2 Não está em causa que as eleições serão livres, na medida em que as candidaturas foram apresentadas sem constrangimentos e de acordo com a lei, e não é previsível que as pessoas sejam impedidas ou condicionadas na liberdade do exercício do seu direito de voto. Porém, as eleições têm também de ser justas e para que isso aconteça é preciso, entre outros factores, que esteja assegurado o direito a uma efectiva campanha eleitoral em todo o território nacional e garantido que, no dia da eleição, as pessoas poderão exercer o seu direito ao sufrágio sem recear quaisquer limitações relevantes decorrentes da pandemia que nos assola.

3 Ora, em contexto de confinamento geral, com a impossibilidade ou uma fortíssima limitação do exercício das actividades correntes de uma campanha eleitoral, designadamente o contacto directo dos candidatos com o eleitorado e a realização de acções públicas de campanha em todo o país, não estão preenchidos os requisitos internacionalmente estabelecidos para que as eleições se possam considerar justas. É a campanha eleitoral que permite a exposição das alternativas e a ponderação da escolha pelos eleitores. Sem uma verdadeira campanha eleitoral, o exercício eleitoral não é plenamente democrático. Ademais, quando o incumbente está limitado por ter testado positivo à Covid-19 e há o sério risco de vários outros candidatos também terem de ser submetidos a regras especiais de confinamento. Há, certamente, a possibilidade do recurso à televisão, aos meios de comunicação social e às redes sociais. Contudo, num quadro de constrangimento geral de acções públicas de campanha, esses meios são insuficientes para que o processo eleitoral decorra com normalidade constitucional. Na minha opinião, claro.

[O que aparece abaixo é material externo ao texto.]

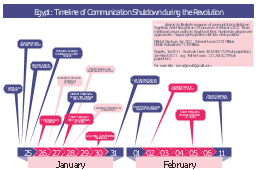 This typography infographics example was redesigned from the Wikimedia Commons file: Egypt timeline of communication shutdown during jan25revolution.jpg. [commons.wikimedia.org/wiki/File:Egypt_timeline_of_communication_shutdown_during_jan25revolution.jpg] This file is licensed under the Creative Commons Attribution 3.0 Unported license. [creativecommons.org/licenses/by/3.0/deed.en] Diagram to illustrate sequence of communications shutdown Egyptians went through from 25 January to 06 February 2011. Times mentioned are according to Egypt local time. Numbers in the diagram are approximate. Last update of the diagram October 2011. "2011 Internet shutdown. Diagram to illustrate sequence of communications shutdown Egyptians went through from 25 January to 06 February 2011. Times mentioned are according to Egypt local time. Numbers in the diagram are approximate. Last update of the diagram October 2011. The 2011 Egyptian protests began on 25 January 2011. As a result, on January 25 and 26, the government blocked Twitter in Egypt and later Facebook was blocked as well. On January 27, various reports claimed that access to the Internet in the entire country had been shut down. ... On February 2, connectivity was re-established by the four main Egyptian service providers. A week later, the heavy filtering that occurred at the height of the revolution had ended and bloggers and online activists who had been arrested were released." [Internet in Egypt. Wikipedia] The example "Egypt timeline of communication shutdown during jan 25 revolution" was created using the ConceptDraw PRO diagramming and vector drawing software extended with the Typography Infographics solition from the area "What is infographics" in ConceptDraw Solution Park.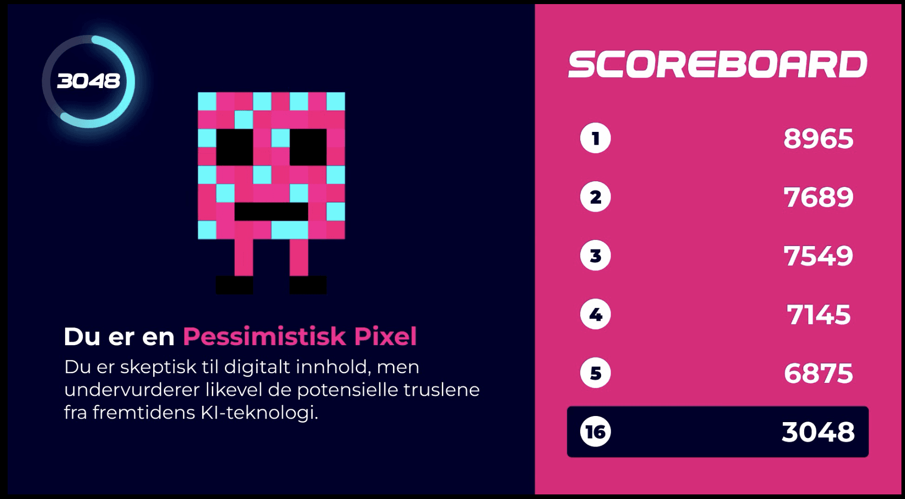 Visitors left the installation more curious, more engaged and in many cases more critical of the images they encounter online. Feedback highlighted increased awareness, stronger competitive motivation, and a desire to replay the game.

4 Acresce que as restrições impostas pelo confinamento, ainda que levantadas no dia das eleições, não deixarão de se fazer sentir na organização das mesas de voto, na presença dos delegados das candidaturas nas assembleias de voto e na deslocação dos eleitores às urnas, devido ao receio legítimo de colocarem em causa a sua saúde, principalmente os mais velhos e todos os outros que integram os chamados grupos de risco.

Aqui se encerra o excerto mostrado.